*What you will do*: Starting at the line containing "1、打开APP后,首页会展示" and ending at the line containing "Примечание: Все столбики", transcribe the listing below exactly. Keep both end lines, skip the pictures, and copy nothing else.

*Data under study*:
◆ ◆ ◆ ◆ ◆ ◆ ◆
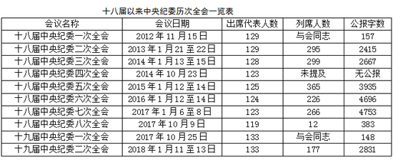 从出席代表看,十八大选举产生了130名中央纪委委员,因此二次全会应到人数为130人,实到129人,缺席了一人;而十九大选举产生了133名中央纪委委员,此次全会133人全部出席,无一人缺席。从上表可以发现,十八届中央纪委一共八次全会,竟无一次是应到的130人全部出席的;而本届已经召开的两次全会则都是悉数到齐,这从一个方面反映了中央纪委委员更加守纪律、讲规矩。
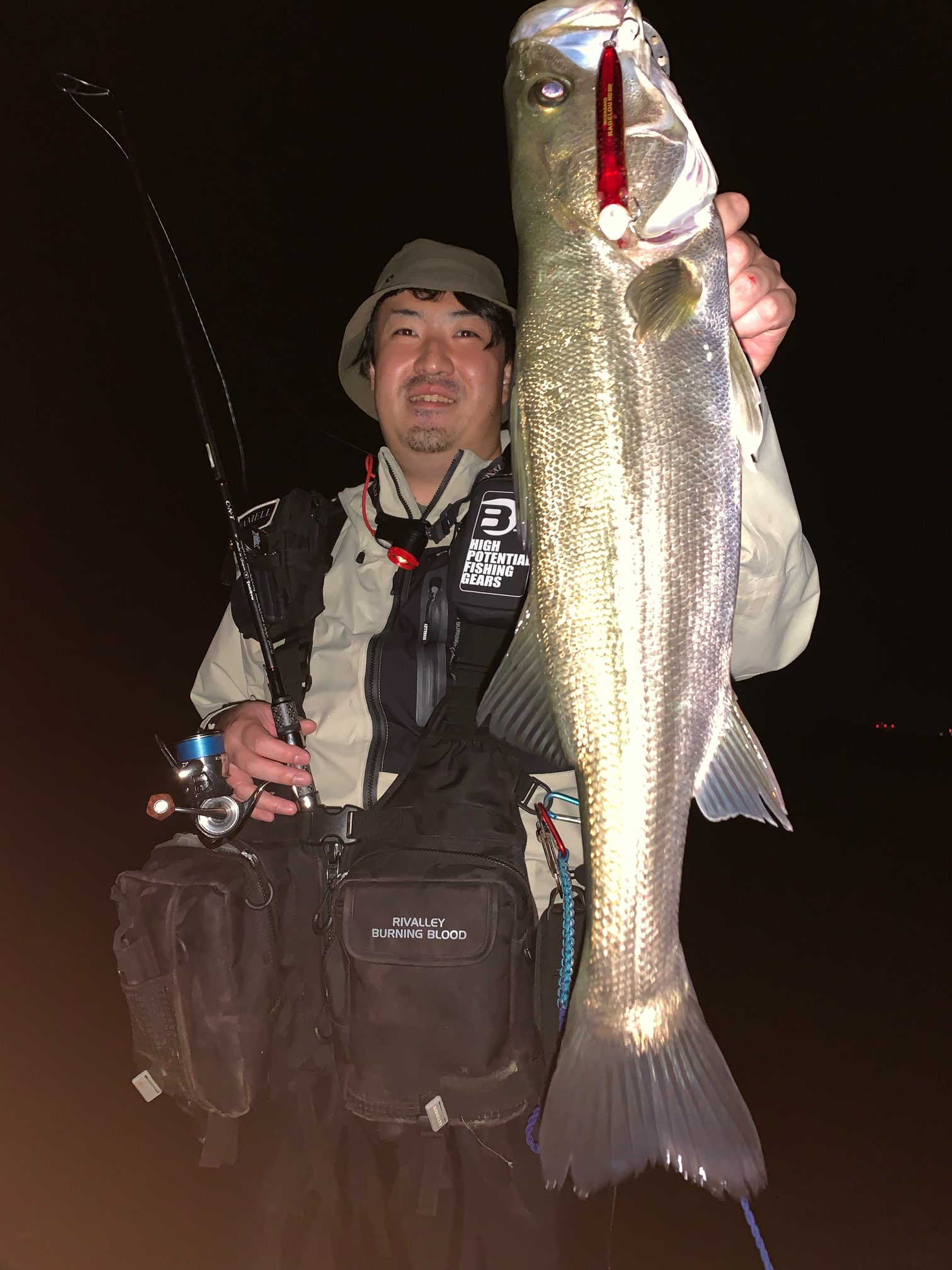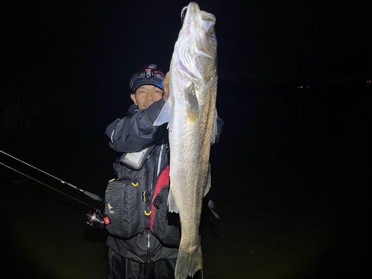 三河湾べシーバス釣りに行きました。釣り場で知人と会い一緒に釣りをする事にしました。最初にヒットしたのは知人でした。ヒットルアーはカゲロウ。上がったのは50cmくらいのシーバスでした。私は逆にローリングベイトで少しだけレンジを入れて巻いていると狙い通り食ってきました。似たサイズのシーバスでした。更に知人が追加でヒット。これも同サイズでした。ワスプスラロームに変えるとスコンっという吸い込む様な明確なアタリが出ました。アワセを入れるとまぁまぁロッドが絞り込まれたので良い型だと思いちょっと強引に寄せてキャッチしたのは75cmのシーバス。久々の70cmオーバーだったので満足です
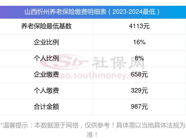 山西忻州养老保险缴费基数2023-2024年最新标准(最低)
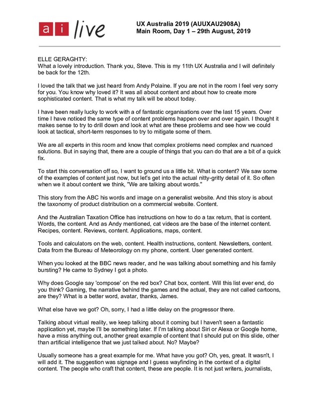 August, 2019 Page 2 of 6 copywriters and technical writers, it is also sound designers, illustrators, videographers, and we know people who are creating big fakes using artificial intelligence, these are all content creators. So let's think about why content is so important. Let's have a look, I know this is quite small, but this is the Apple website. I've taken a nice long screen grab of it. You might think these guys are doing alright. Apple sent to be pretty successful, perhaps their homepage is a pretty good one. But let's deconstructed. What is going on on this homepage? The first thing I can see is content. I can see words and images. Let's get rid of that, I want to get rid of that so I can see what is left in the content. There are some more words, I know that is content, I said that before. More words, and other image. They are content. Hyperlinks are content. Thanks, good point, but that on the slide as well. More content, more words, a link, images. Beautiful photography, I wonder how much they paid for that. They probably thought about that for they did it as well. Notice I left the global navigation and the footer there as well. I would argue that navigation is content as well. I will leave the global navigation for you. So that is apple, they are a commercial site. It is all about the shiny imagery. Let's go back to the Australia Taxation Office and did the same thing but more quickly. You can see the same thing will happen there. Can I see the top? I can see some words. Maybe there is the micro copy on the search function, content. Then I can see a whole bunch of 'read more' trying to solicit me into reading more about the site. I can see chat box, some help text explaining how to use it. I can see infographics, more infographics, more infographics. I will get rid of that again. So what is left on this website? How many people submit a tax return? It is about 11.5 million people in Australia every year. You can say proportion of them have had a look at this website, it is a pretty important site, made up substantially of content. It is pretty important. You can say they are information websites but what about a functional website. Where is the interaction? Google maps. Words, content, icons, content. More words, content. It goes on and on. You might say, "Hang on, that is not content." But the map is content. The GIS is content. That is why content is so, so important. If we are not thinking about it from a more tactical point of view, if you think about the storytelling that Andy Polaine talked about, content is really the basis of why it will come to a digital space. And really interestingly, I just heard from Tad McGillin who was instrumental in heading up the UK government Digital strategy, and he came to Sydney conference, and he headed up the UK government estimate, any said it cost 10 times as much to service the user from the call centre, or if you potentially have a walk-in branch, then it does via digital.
◆ ◆ ◆ ◆ ◆ ◆ ◆
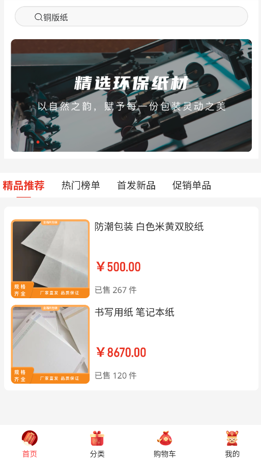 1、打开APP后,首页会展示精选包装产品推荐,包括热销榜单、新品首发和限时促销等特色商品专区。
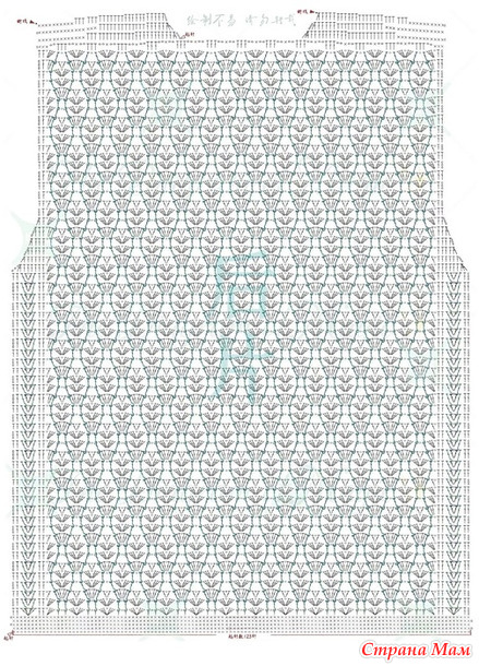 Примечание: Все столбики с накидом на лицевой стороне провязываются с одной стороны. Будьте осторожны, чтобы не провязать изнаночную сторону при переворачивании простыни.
◆ ◆ ◆ ◆ ◆ ◆ ◆
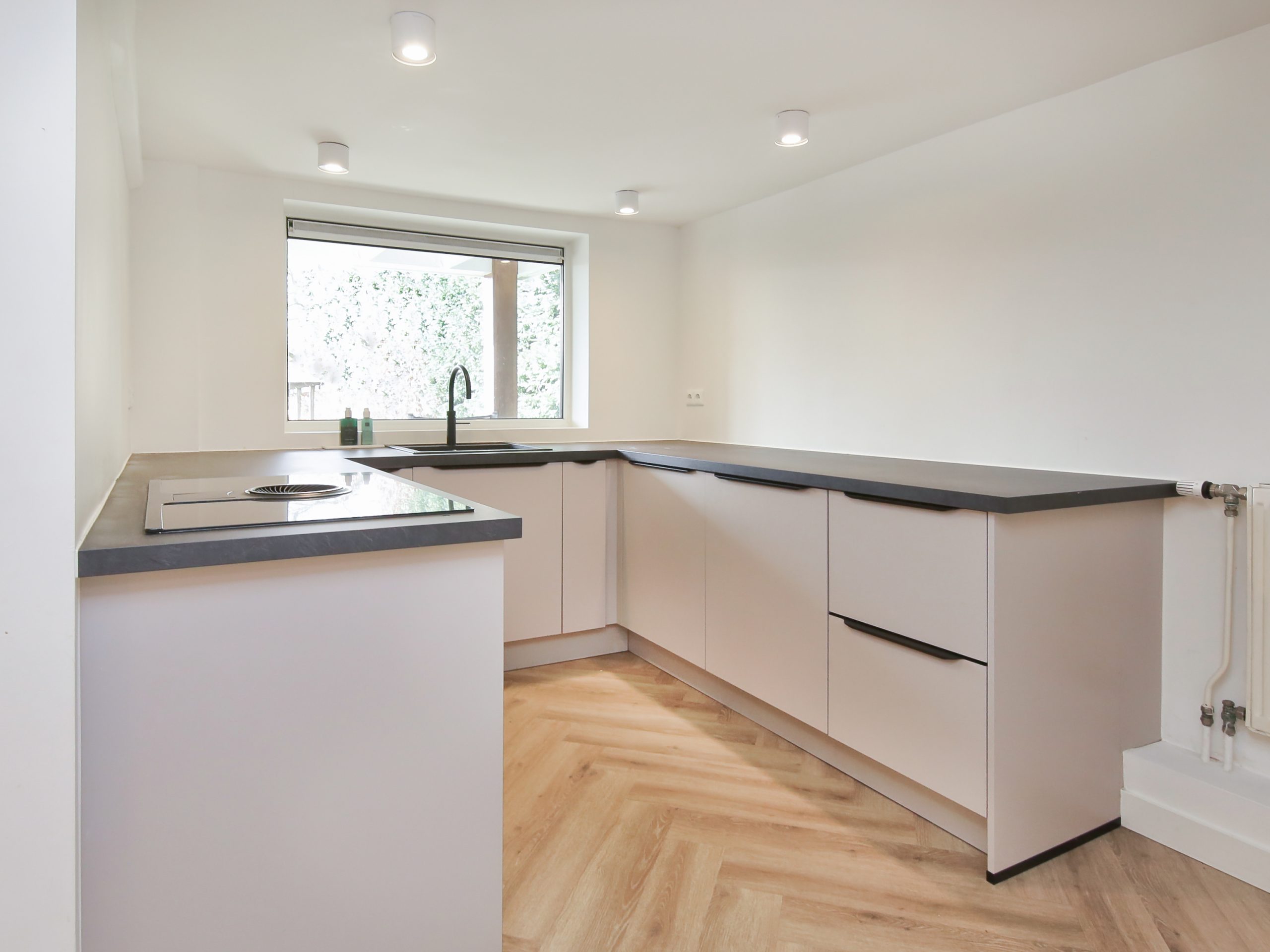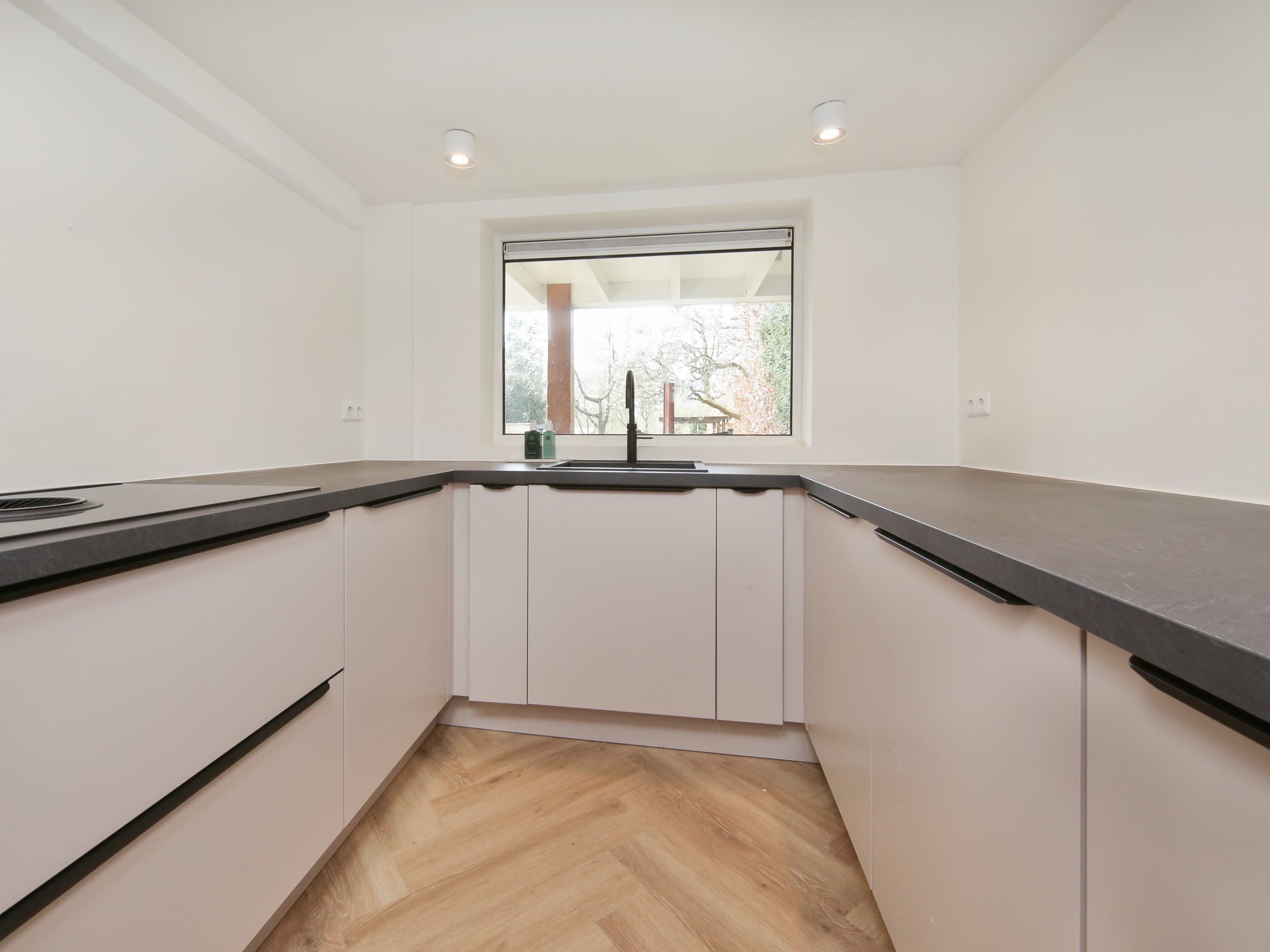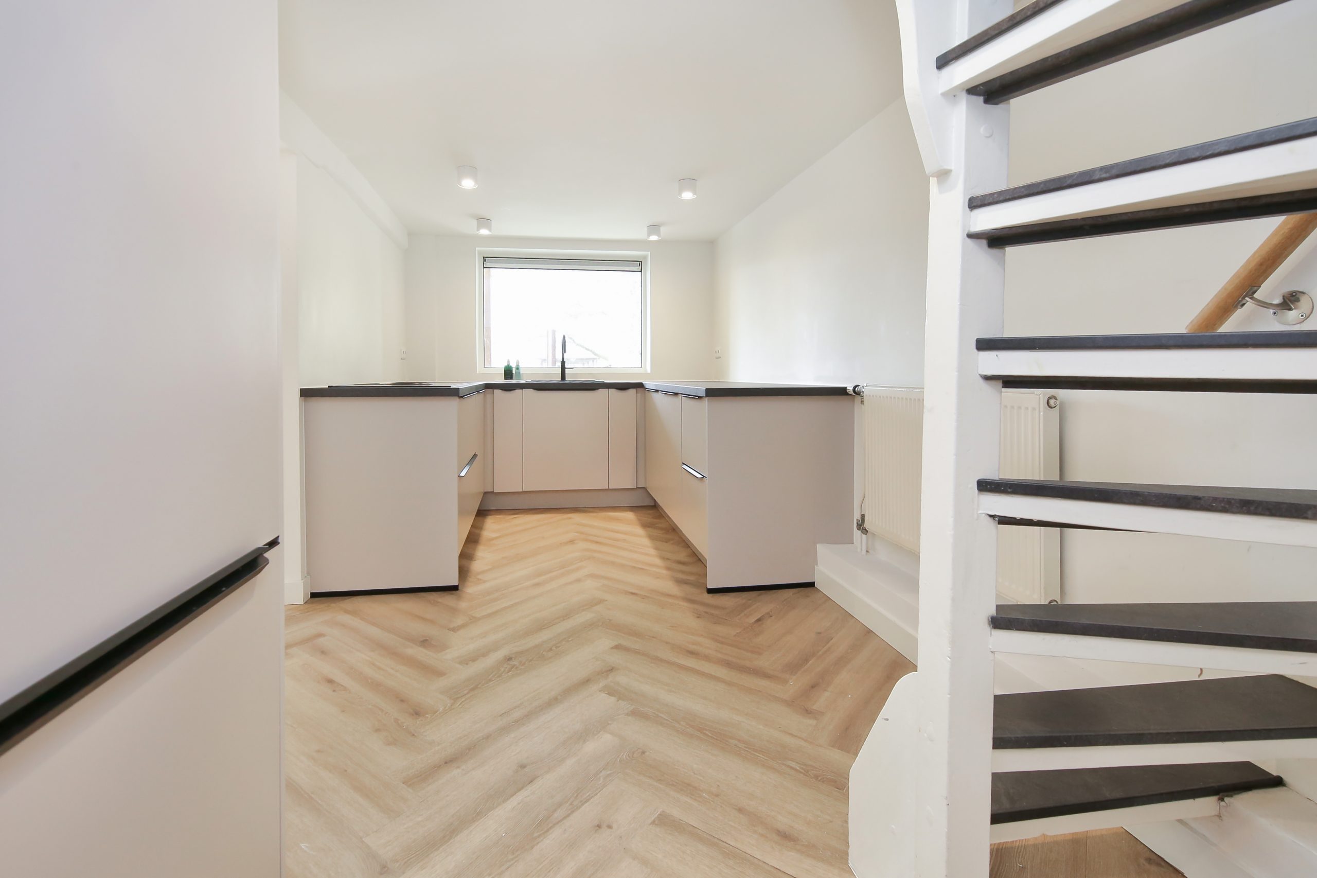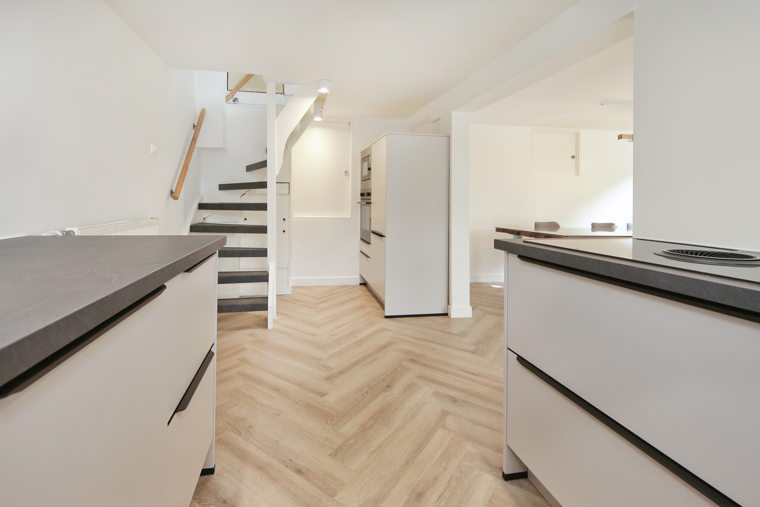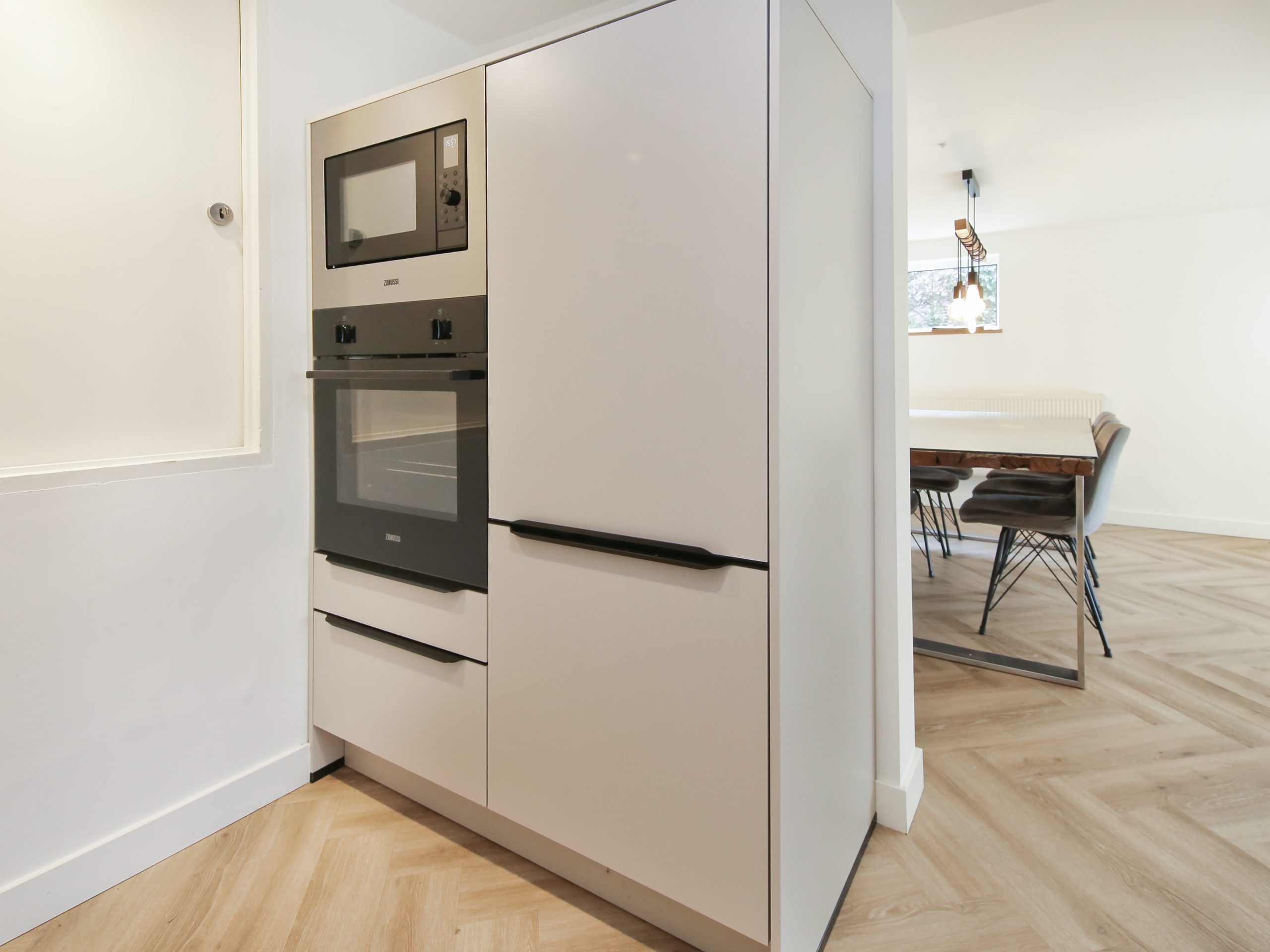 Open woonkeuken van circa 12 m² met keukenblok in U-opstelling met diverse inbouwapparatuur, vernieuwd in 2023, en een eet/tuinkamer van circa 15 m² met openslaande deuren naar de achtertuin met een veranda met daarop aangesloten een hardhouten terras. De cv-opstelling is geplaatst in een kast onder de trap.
◆ ◆ ◆ ◆ ◆ ◆ ◆
*Exercise solution*:
 1、打开APP后,首页会展示精选包装产品推荐,包括热销榜单、新品首发和限时促销等特色商品专区。
 Примечание: Все столбики с накидом на лицевой стороне провязываются с одной стороны. Будьте осторожны, чтобы не провязать изнаночную сторону при переворачивании простыни.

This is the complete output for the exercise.